During a public health emergency, repurposing existing drugs is seen as a fast path to potential cures, so several companies and academic groups have spent much of the past year looking for COVID-19 remedies in marketed medicines. Now a research team from China has identified an approved chemotherapy drug as a possible coronavirus treatment.
Using a combination of computational screening tools, scientists at the Shenzhen Institutes of Advanced Technology (SIAT) of the Chinese Academy of Sciences showed that Folotyn (pralatrexate) from Acrotech Biopharma, a chemotherapy originally developed to treat lymphoma, has a powerful could be a cure for SARS-CoV-2, the new coronavirus behind COVID-19.
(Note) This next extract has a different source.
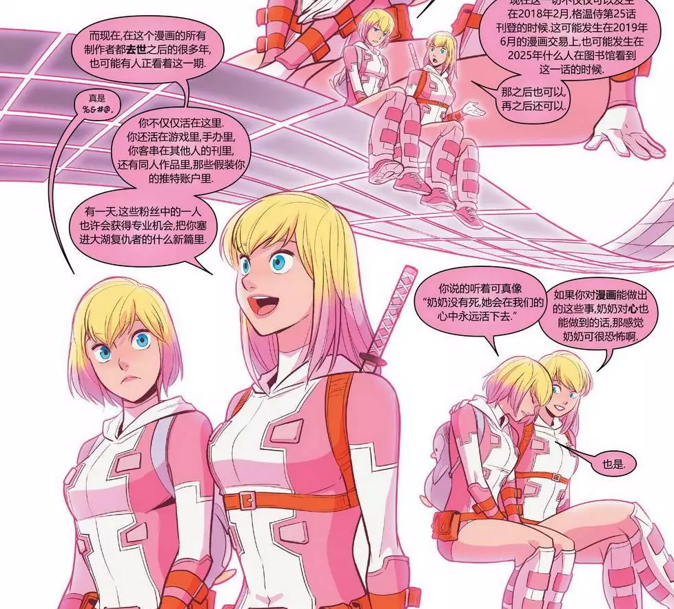 但事实上这部漫画的整体结构颇为完整,层层铺垫,最后一期更是一改此前插科打诨的反讽风格,让同时具有“读者”和“剧中人”双重身份的格温侍重新审视了“超级英雄漫画”这一类作品的意义。

They found that pralatrexate inhibited SARS-CoV-2 replication more strongly than Gilead Sciences’ remdesivir under the same experimental conditions, according to results published in the journal PLOS Computational Biology. Remdesivir, sold as Veklury, has been approved by the FDA for admitted COVID-19 patients.
Artificial intelligence is widely used in drug research, and the SIAT team thought a hybrid approach using deep learning and molecular simulation might be a better solution than a single method approach.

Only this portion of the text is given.